INFORMATION PROVIDED:
--------------------------------

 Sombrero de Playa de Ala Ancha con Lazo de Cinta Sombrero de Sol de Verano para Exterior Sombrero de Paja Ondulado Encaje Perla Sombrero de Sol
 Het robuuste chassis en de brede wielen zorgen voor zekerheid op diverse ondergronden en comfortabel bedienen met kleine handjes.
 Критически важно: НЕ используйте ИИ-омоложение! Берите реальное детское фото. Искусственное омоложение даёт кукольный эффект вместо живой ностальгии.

--------------------------------

HOW TO COMPLETE THIS TASK: Start at the first line of the data above. Stop after the line containing "Het robuuste chassis", reproducing each line exactly and adding nothing.

SOLUTION TO THE PROBLEM:
 Sombrero de Playa de Ala Ancha con Lazo de Cinta Sombrero de Sol de Verano para Exterior Sombrero de Paja Ondulado Encaje Perla Sombrero de Sol
 Het robuuste chassis en de brede wielen zorgen voor zekerheid op diverse ondergronden en comfortabel bedienen met kleine handjes.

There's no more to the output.